Statisticians give credit to the Balochistan government for ensuring response from industrial units in Hub and Windher. Response is even more distressing in Sindh for the second quarter.

The bureau employees were straightaway asked to leave the factory premises from many places and no courtesy was shown to the senior officers who were received by the subordinate staff of the concerns.

The industrial survey seeks answers to five specific questions. The first question is on employment and employment cost in the unit. It seeks information on the number of skilled, unskilled, regular, casual and contract employees and wages and salaries disbursed during that particular quarter.

The second question pertains to production and sales during the quarter. The third question asks details on income statement, seeking gross sale of goods, opening stocks, closing stocks, sale of goods purchased for re-sale and allied matter.

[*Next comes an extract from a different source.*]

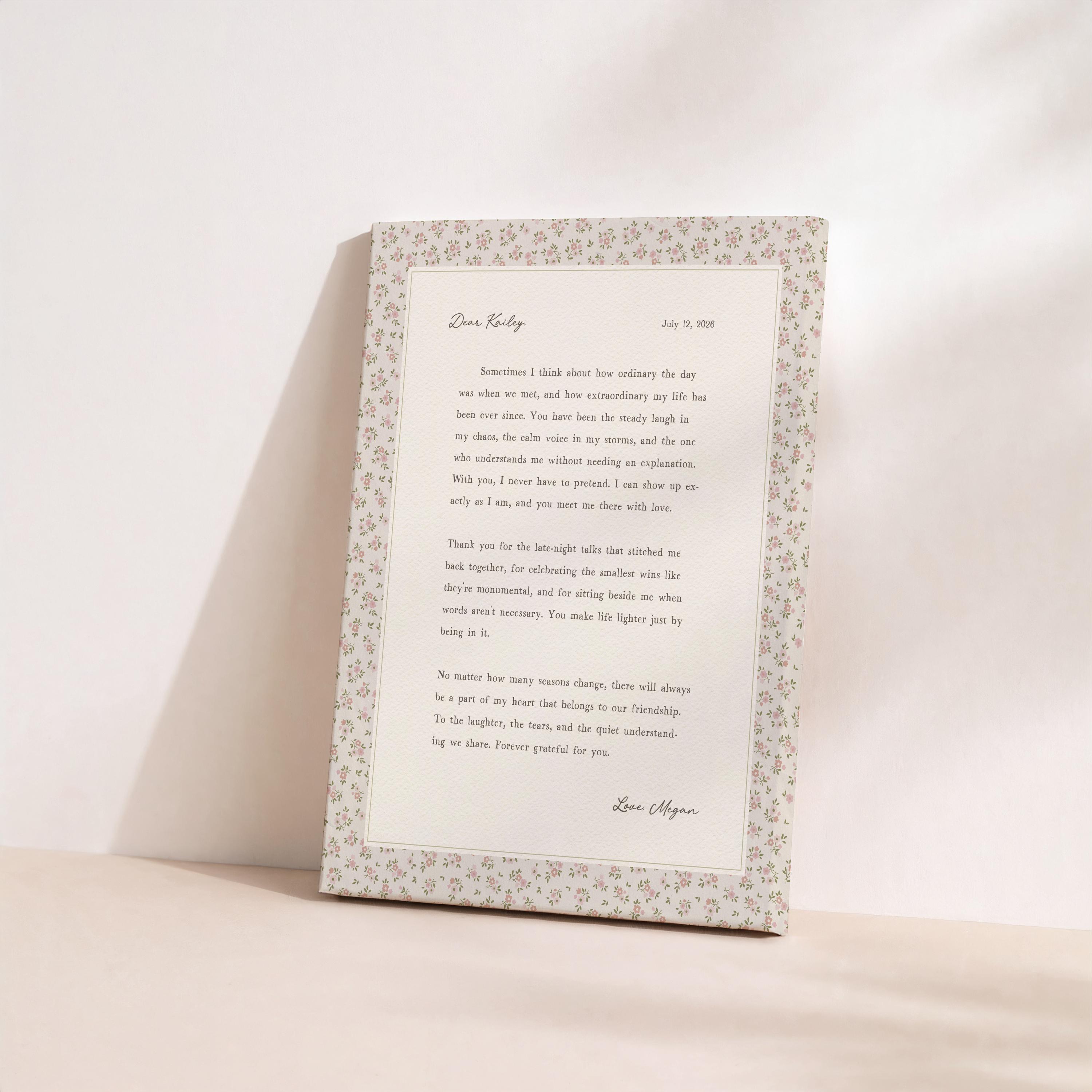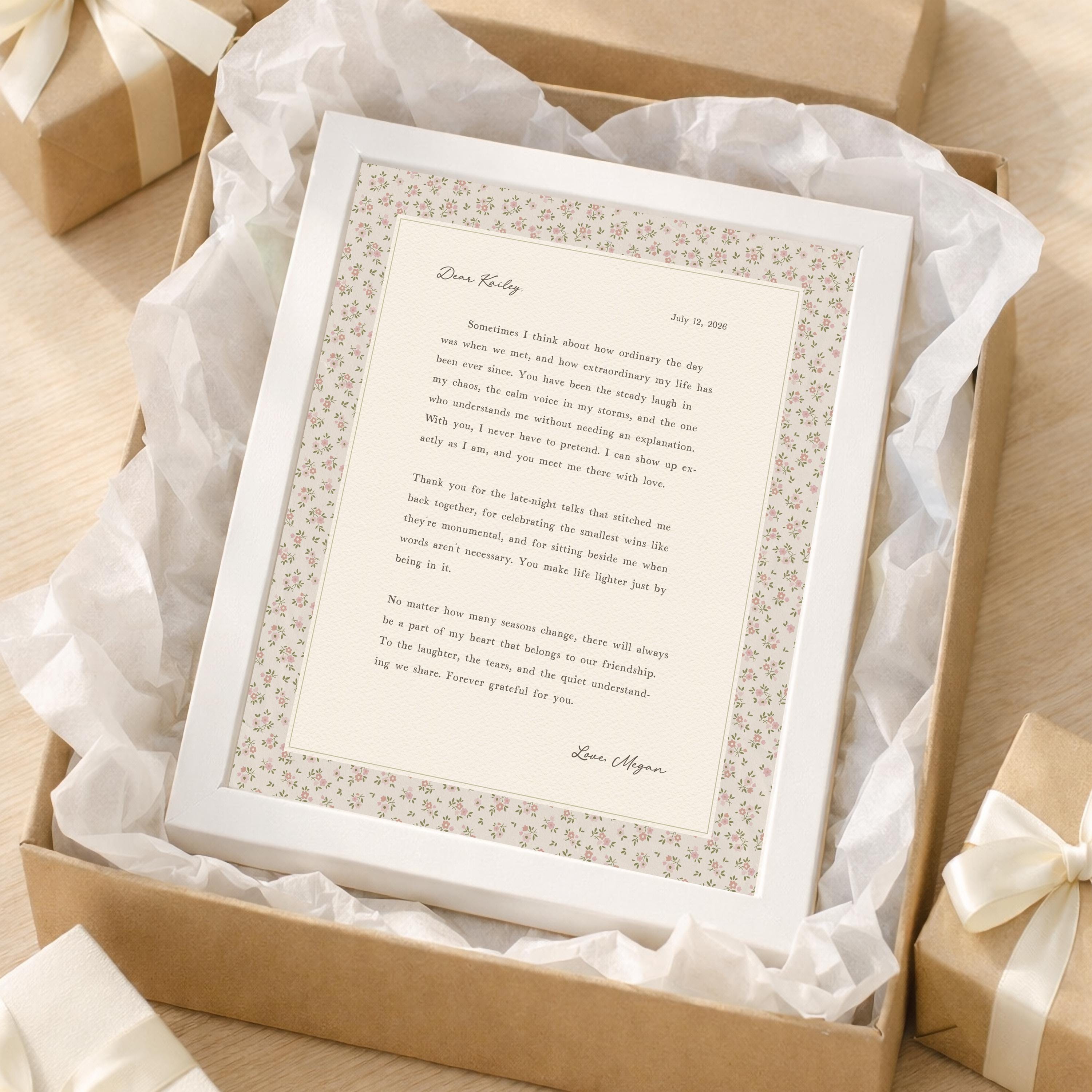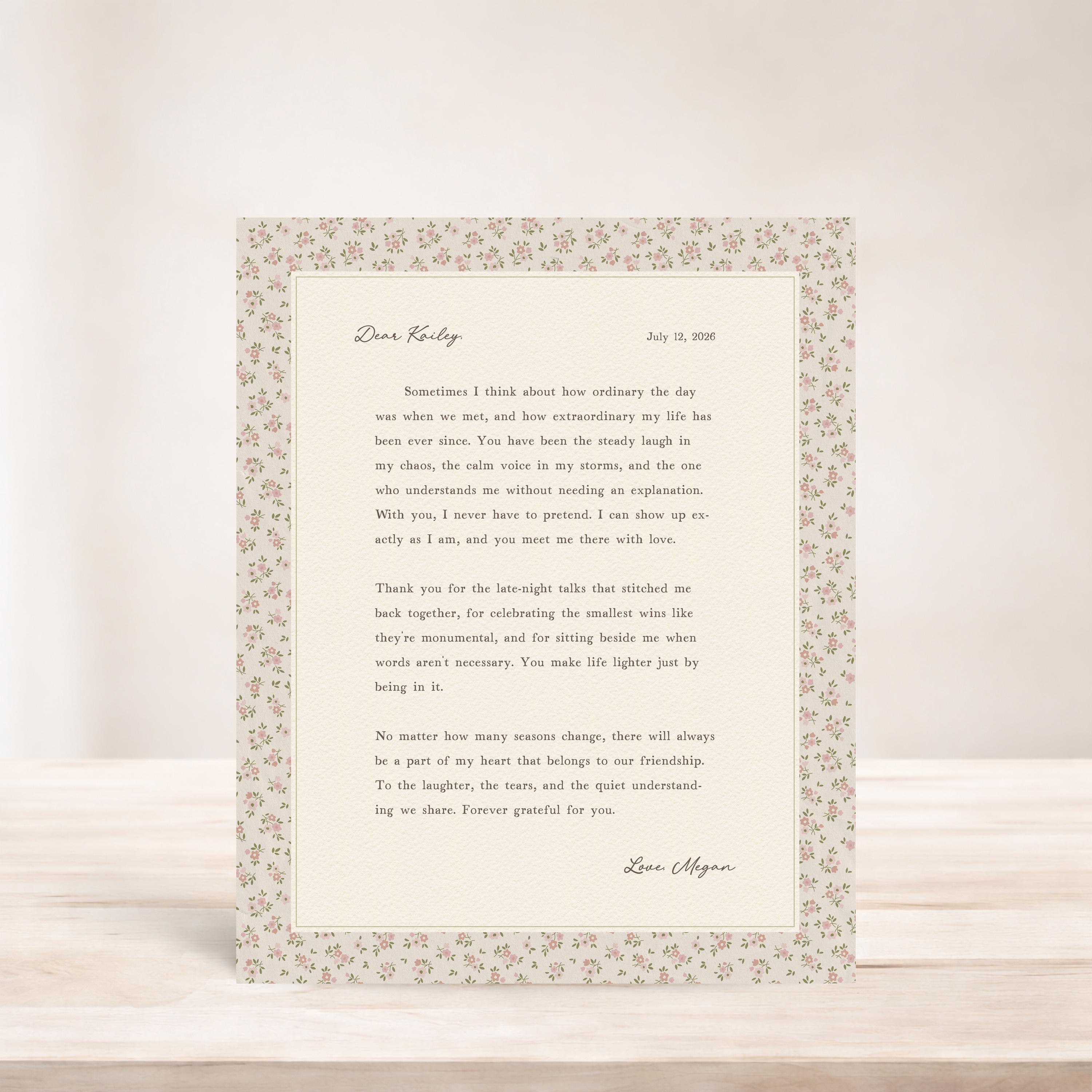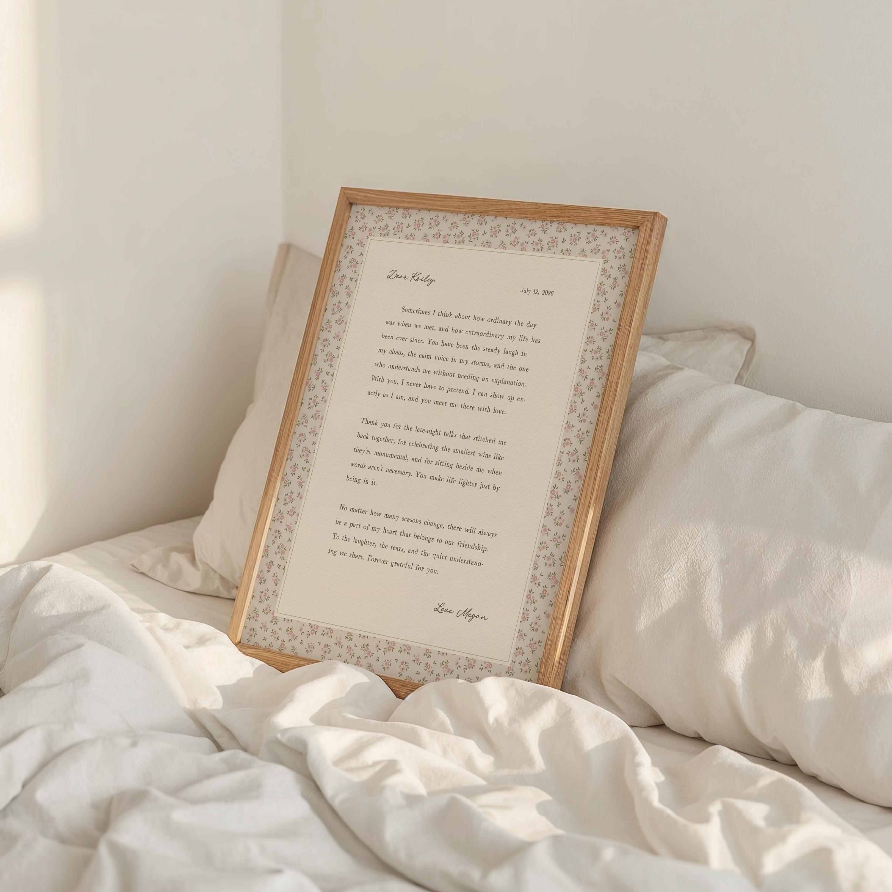 Custom friendship letter print. A heartfelt personalized letter designed to celebrate your most meaningful friendships. Whether it’s your best friend, maid of honor, sister, or long-distance soul sister, this custom message wall art transforms your words into a timeless keepsake. Choose your own words or keep the message as shown. It's up to you!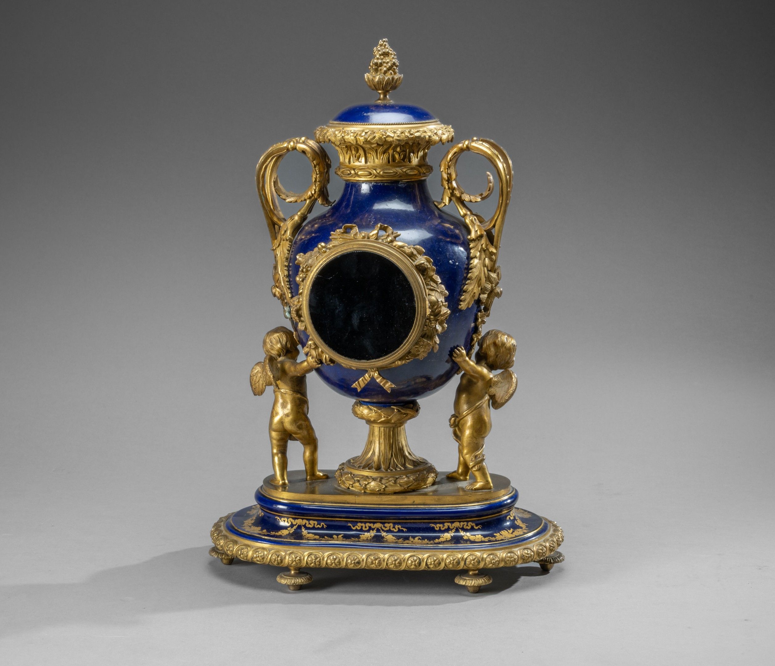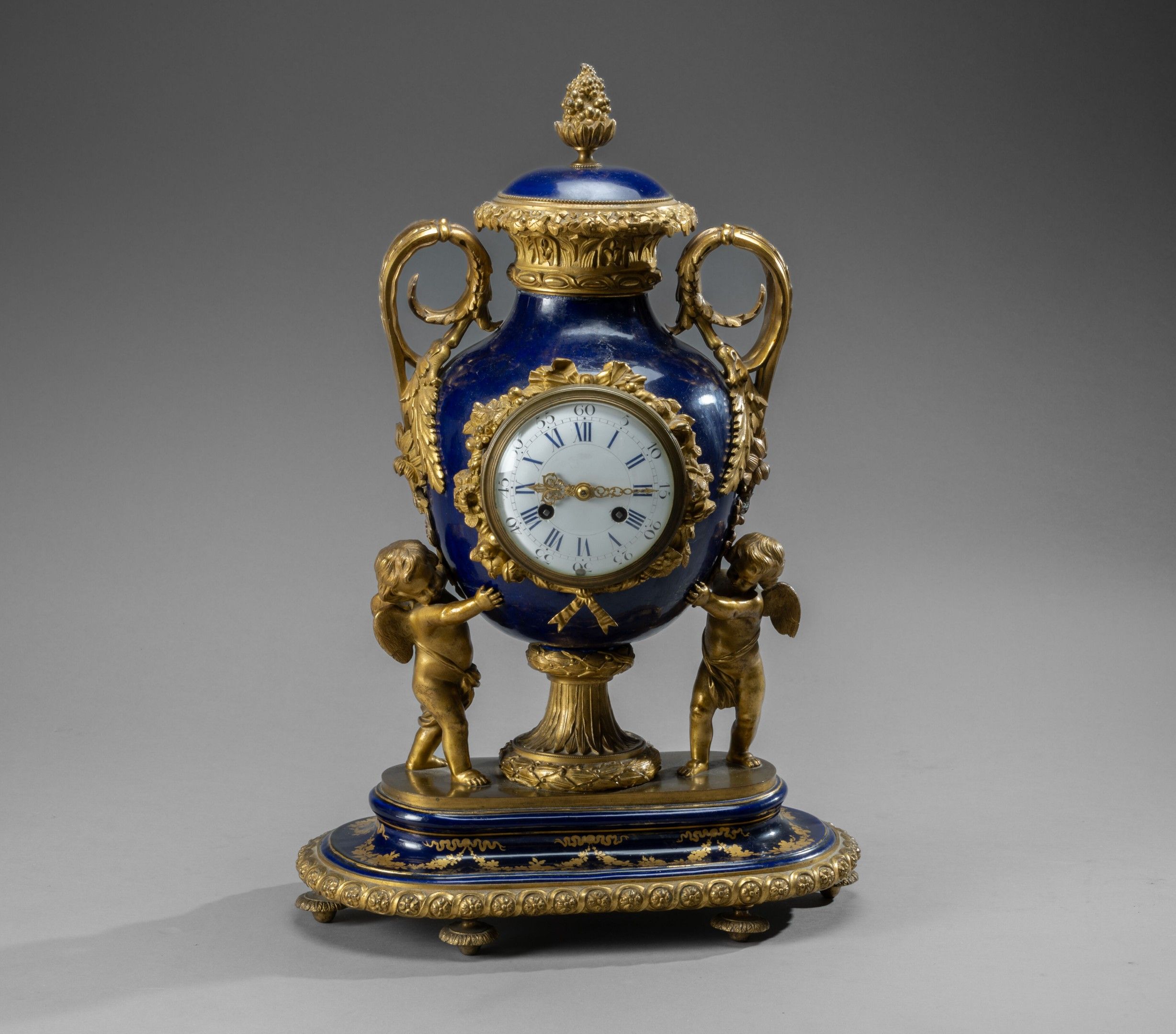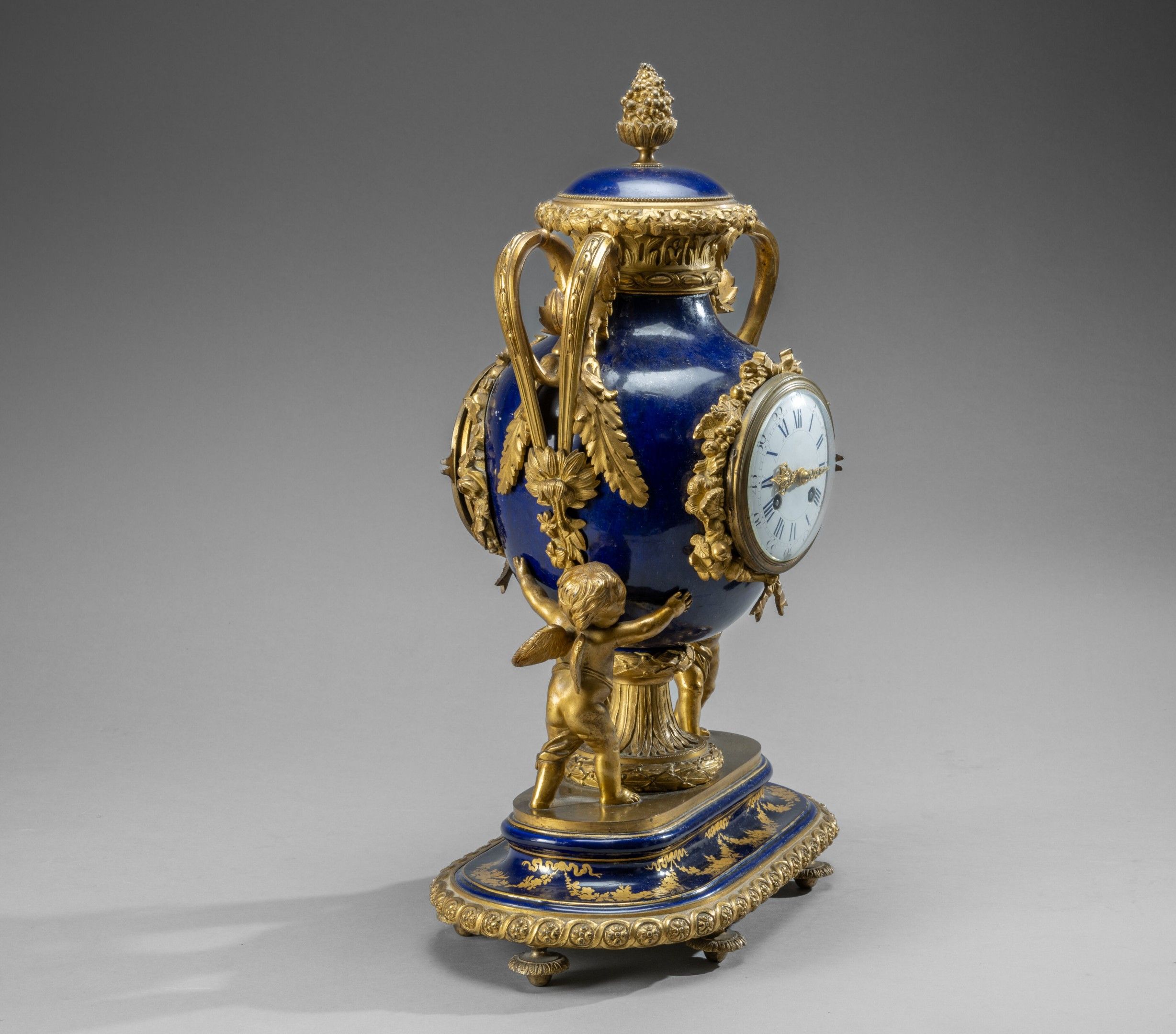 Spectacular blue porcelain clock, the movement contained in a baluster vase supported by two loves. Extensive ormolu decoration: leafy handles, pedestal. The oval base is also in blue porcelain, decorated with falling garlands and strong mouldings of interlacing flowers on six palmettes feet.

The fourth asks about expenditure statement and seeks information on purchase of raw material, opening and closing stock of raw material, repairs and maintenance, cost of utilities, rental payments, financial cost, bank charges, direct and indirect taxes.

The last and the fifth question seeks information on expenditure on gross fixed capital formation that asks about acquisition, improvement, transfer and payment of commission on land, building construction, machinery and equipment.

The Federal Bureau of Statistics seeks all these information on quarterly basis to find out the production cost details with relation to wages of the employees, utilities cost and financial charges.

The idea is to suggest to the government for a package to promote the industrial investment, support the expansion in production facilities of existing factories and allied matters.

"Businessmen have no time to answer lengthy questionnaires of the bureau," Haroon Rashid, vice-president of the Federation of Pakistan Chambers of Commerce and Industry, informed Dawn on Monday.

He contended that most of the information sought by the bureau from business concerns could be obtained from the Central Board of Revenue where returns are filed regularly. "Ours is an academic exercise which serves the purpose of formulation of a long-term policy," an official explained, who points out that the information given to the tax departments do not serve the purpose of the surveys.

For long, the Federal Bureau of Statistics has become a dumping ground of those bureaucrats who fall from the grace of the government of the day. Abu Shamim Arif was once the most powerful bureaucrat who took on Asif Zardari's blue-eyed boy Salman Farooqui during the PPP government in 1994 and 1995.

Salman held key positions during the Nawaz Sharif government also. But Arif could not go along with the government after the elections in 2002. His last posting was in the Federal Bureau of Statistics as a punishment. The businessmen take cue from the government and treat the bureau officials with contempt.